Answer
Aug 09, 2021 - 07:02 AM
[posted on behalf of AppleJinx]
I’ll share my take but take it with a grain of salt as I am not affiliated with Patreon, with one exception (see below).
I make my living on Patreon, and I am in the top 100 worldwide in the 'music' category (I write open source DSP plugins) and I make a bit over $2000 a month. It falls away very very rapidly: top ten worldwide is what people envision for 'making good money' and is competitive with say a career software developer in the 1990s or early 2000s.
Top 100 worldwide is 'getting by pretty comfortably if you don't live anywhere significant, especially if you still qualify for food stamps or what have you', and it's competitive with what a career software developer will be making by 2030 or 2040 at the most.
Top 1000 worldwide is already down to your $200 a month or so, and there are hundreds of thousands of people on these platforms. This is the nature of markets in an attention economy that scales worldwide: you're getting squeezed out by anybody anywhere, and if you're in a niche then that limits the maximum size you can scale.

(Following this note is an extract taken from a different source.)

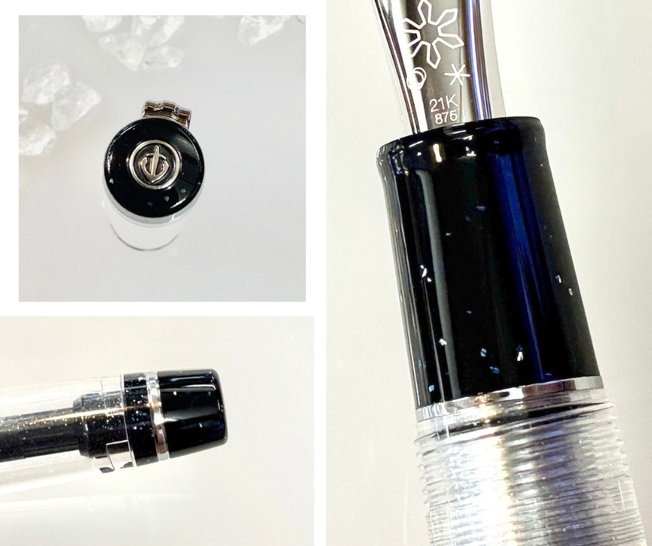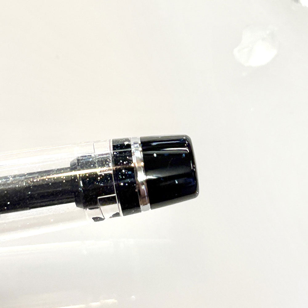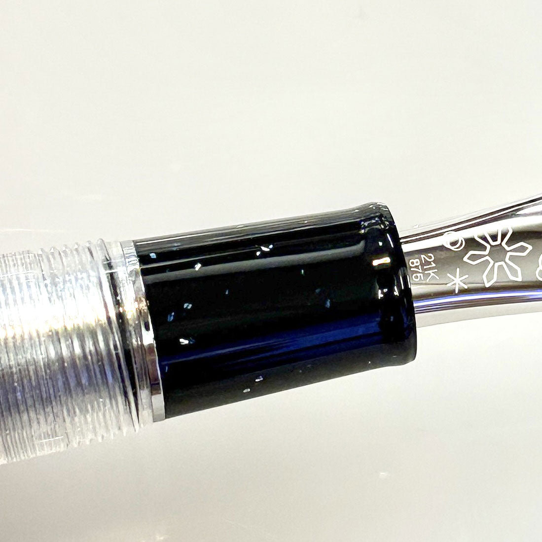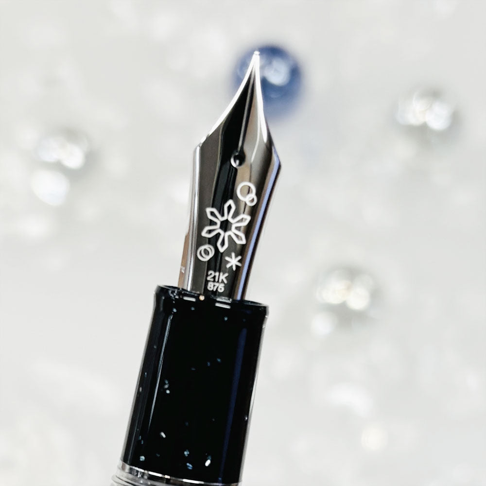 大粒のラメを、首軸・蓋栓・尾栓に使用しています。 ペン先には、「氷の上をすべるように書けるように」と願いを込めて、

I'm in a niche, but not alone in it: by now, there's another plugin dev who is pushing harder for money and making more than me, who is also Patreon-exclusive.
It's absolutely going to be the same on OnlyFans, Twitch, etc. As a job mostly this sort of thing is 'spend a bunch of money to operate at a competitive level, and then you don't earn anything to speak of'.
This IS free market dynamics in a state of maximum globalized low friction. Silicon Valley has spent a lot of time selling people on low friction interaction and discoverability. Tearing down the walls means you're competing with the girl with a perfect figure who's in New Delhi. Her competing with you means you earn less. She is also likely more motivated because the amounts being earned are more meaningful to her given the low cost of living in India.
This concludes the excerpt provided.